I was a proud member of the Q7 Launch Training Team, and we had the XC90 as a comparison vehicle, and there was NO comparison between the two vehicles.........the Q7 is an outstanding first example SUV from Audi! I can't wait to drive the R8 the new TT and the A5!


----------



## mkaresh (Oct 26, 2005)

*Re: In Contrast: 2007 Audi Q7 vs. 2007 Volvo XC90 ([email protected])*

Excellent comparison of the styling, interiors, and features. But then I got to the end and discovered that there were no driving impressions!
I recently drove the XC90 in both 3.2 and V8 Sport forms. The 3.2 is a slug. I cannot believe that Ford/Volvo went through the trouble of developing a new inline six, and didn't make it large and powerful enough to be competitive.
The V8 is better, but cannot compare to that in the Q7, as it's down nearly 40 horsepower.
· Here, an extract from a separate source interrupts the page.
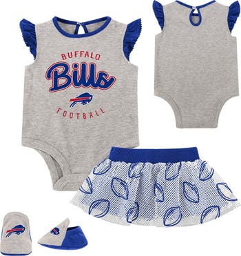 Newborn Heather Gray/Royal Buffalo Bills All Dolled Up Three-Piece Bodysuit, Skirt & Booties Set

The Volvo weighs less, but still.
Inside, you sit higher within a narrower cabin. Like the BMW X5, the Volvo was developed when everyone assumed that people wanted a truck when they bought an SUV. It feels a bit tight to me. The Q7 driving position is much more car-like.
I've had more seat time in the Volvos than in the Audi. The Volvo can be fun because it feels relatively small and agile, but it also rolls more in turns (even the Sport) and feels a bit squishy (also even the sport). 
The Audi is quite a bit larger in terms of external dimensions (it's a much less space-efficient design), and you feel some of this extra bulk on the road. Still feels sportier and handles better.
Full review I wrote recently on the Volvos:
2007 Volvo XC90 review


_Modified by mkaresh at 9:27 PM 1-27-2007_


----------



## [email protected] (Apr 9, 2004)

*Re: In Contrast: 2007 Audi Q7 vs. 2007 Volvo XC90 (mkaresh)*

Thanks for posting. I think I've heard that Volvo plans a turbocharged version of this engine too. Where that fits in the XC90 offerings I don't know. Still, I think that was their reason for doing, relegating the 5cyl to the smaller cars as more of a perception thing. I agree with you. I actually prefer the 5cyl in the Volvo over the 6cyl.


----------



## mkaresh (Oct 26, 2005)

*Re: In Contrast: 2007 Audi Q7 vs. 2007 Volvo XC90 ([email protected])*

You're very welcome. Great forum.
I've spent some time over at SwedeSpeed as well, so I've also heard about the future turbo 3.2. Seems they could go a few different ways: do an LPT to keep the turbo 3.2 beneath the V8, or go HPT to replace the V8 entirely or just in the new Sport trim. 
Ford cancelled plans to put the Yamaha V8 in the MKS because the actual cost came in far higher than projected. So I wouldn't be surprised if they introduced the turbo 3.2 in either form and then killed the V8 when its sales dwindled from nearly nothing to nothing. The V8 has more people who'd like to see it dead than it has fans. To give it a shot, it needs to at least go the DI route like Audi has.


----------